In certain circumstances, an employer may provide employees with meals and lodging as part of their employment package.
Generally, the value of meals and lodging provided to employees is taxable like many other benefits. However, the Internal Revenue Code provides an exclusion for meals and lodging that are provided "for the convenience of the employer" on the "business premises." For lodging, an additional requirement is that the employee must be required to accept it as a condition of employment.
Convenience of the Employer
Under the "convenience of the employer" test, the primary reason for providing the meals or lodging must be to benefit the employer, i.e., to enable the employee to do his job. In a special circumstance, meals provided to all employees may be excludable where more than half of the employees fall under the convenience of the employer test.
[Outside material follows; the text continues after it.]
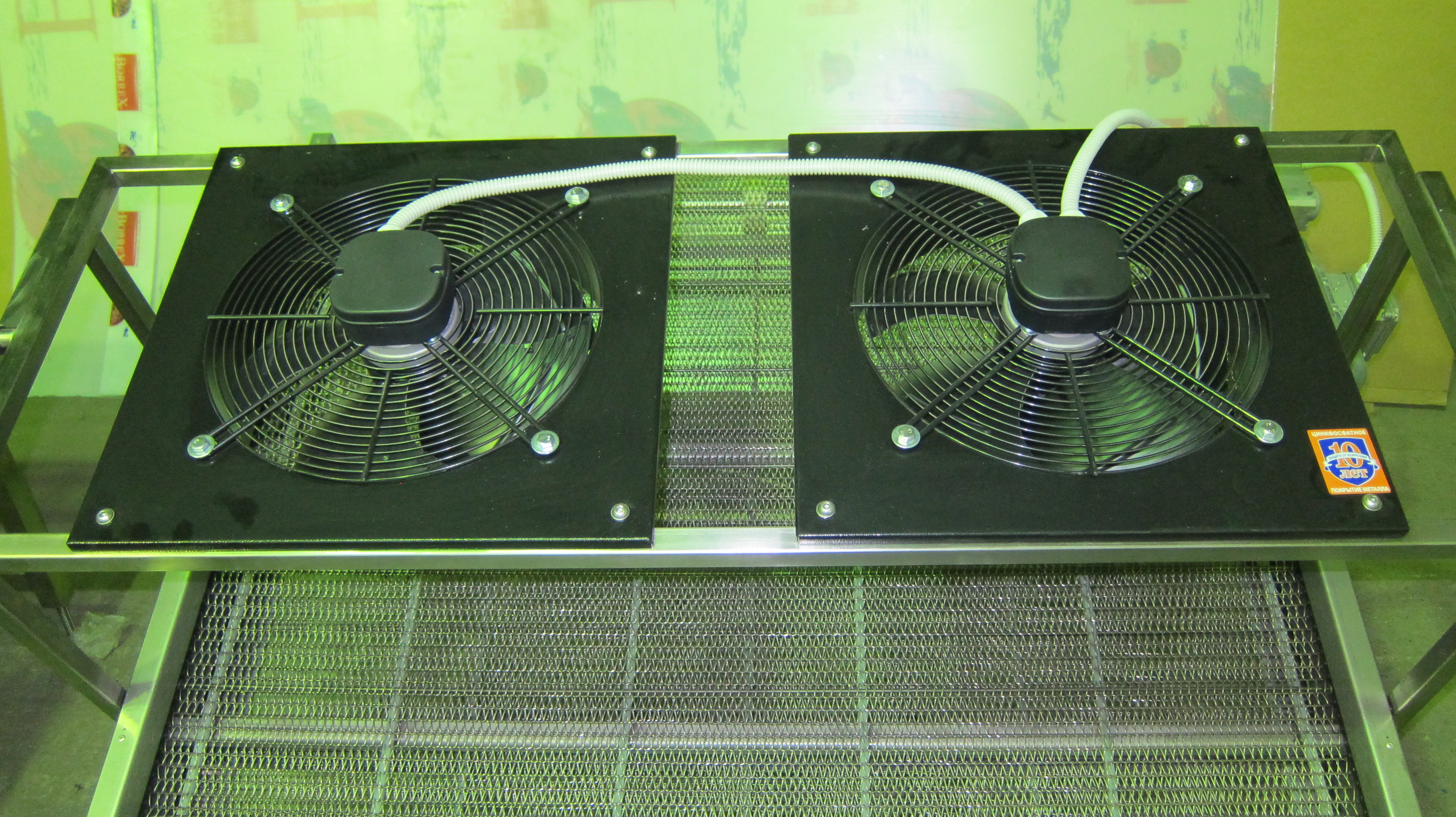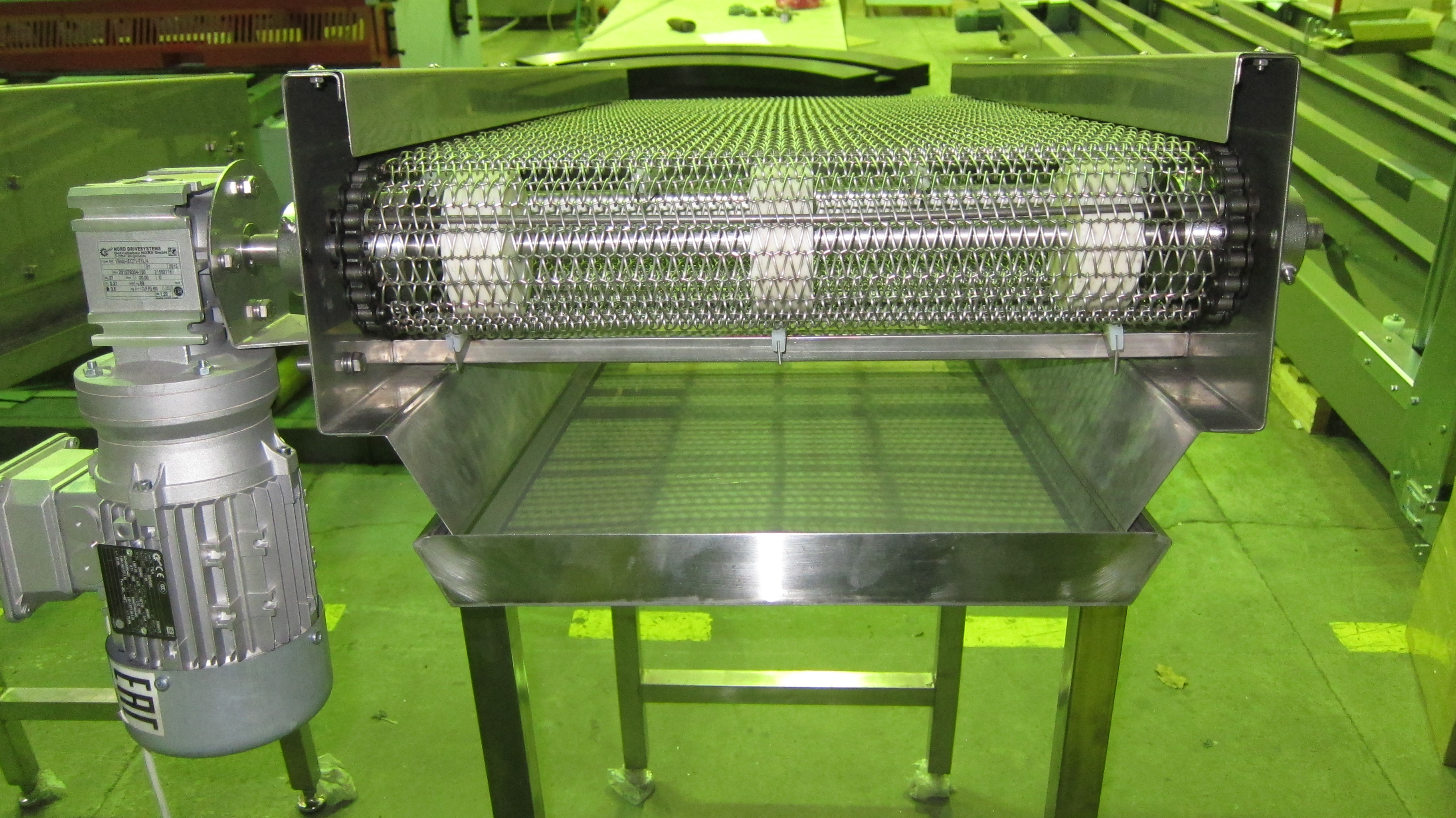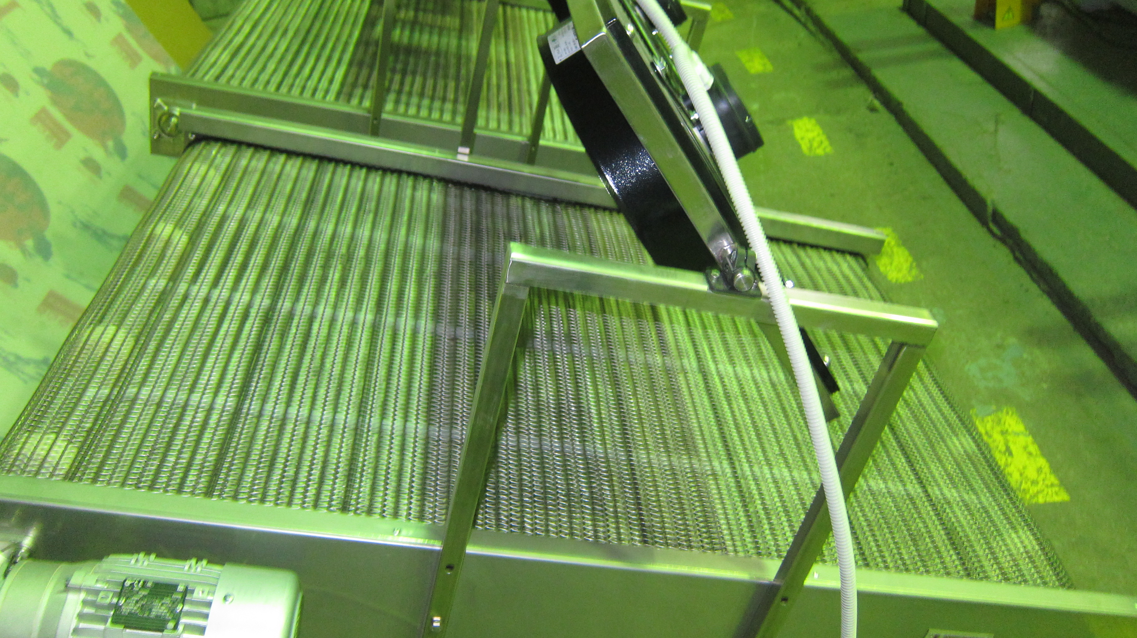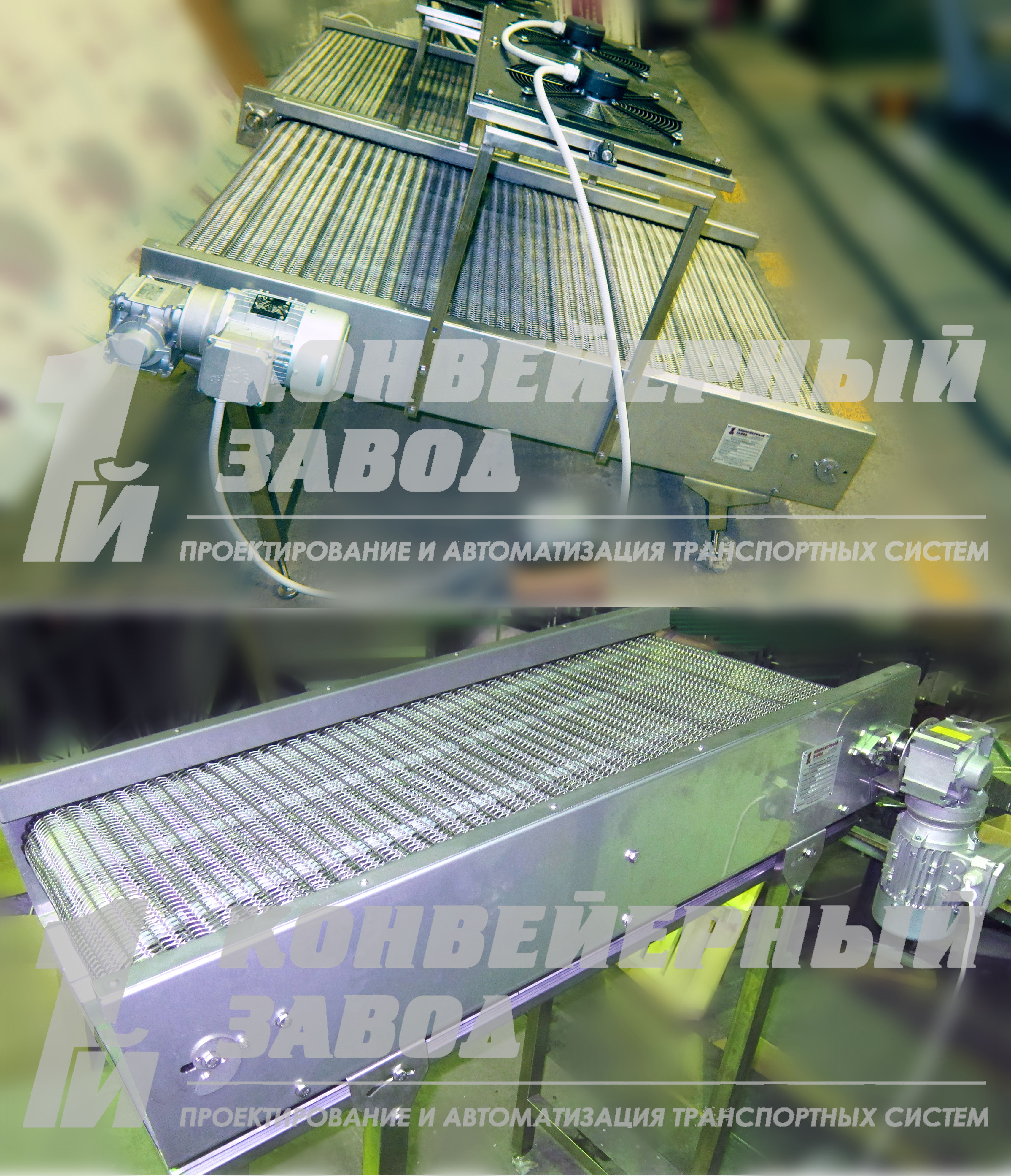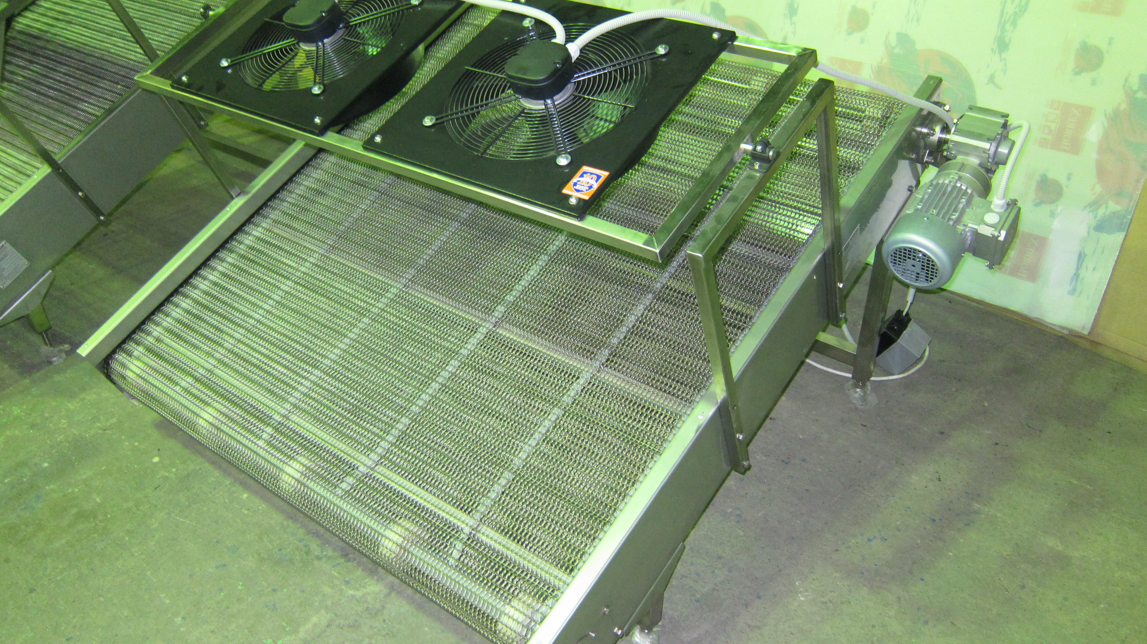 Описание проекта: Третья часть большой конвейерной системы по перемещению хлебных изделий состоит из 4-х конвейеров с металлической сеткой. Для дополнительного охлаждения хлебных изделий на 2-х конвейерах дополнительно установлены 2 вентилятора. Ширина сетки 500, 1200 и 1300мм. Все конвейеры и сетка изготовлены из нержавеющей стали. Привода 0,37 кВт (Германия)

For example, if more than half of a hospital’s employees must be on call at all times, all employees can be furnished a meal in the hospital because keeping them on the premises allows them to satisfy work-related obligations. Similarly, a hotel manager who must be on the premises at all times can be furnished lodging at the location to enable him to perform his duties. However, for the lodging to qualify for the exclusion, the employee's acceptance of the lodging must be a "condition of employment," i.e., the lodging must be necessary for the employee to perform his duties. It is also important to note that the exclusion only applies for meals and lodging which is provided in kind: not for cash allowances for such items.
The "convenience of the employer" test and the business premises requirement may be difficult to apply to particular circumstances. With the ever evolving business environment that we work in today, employers will want to review and document all the facts involved in providing meals or lodging to employees.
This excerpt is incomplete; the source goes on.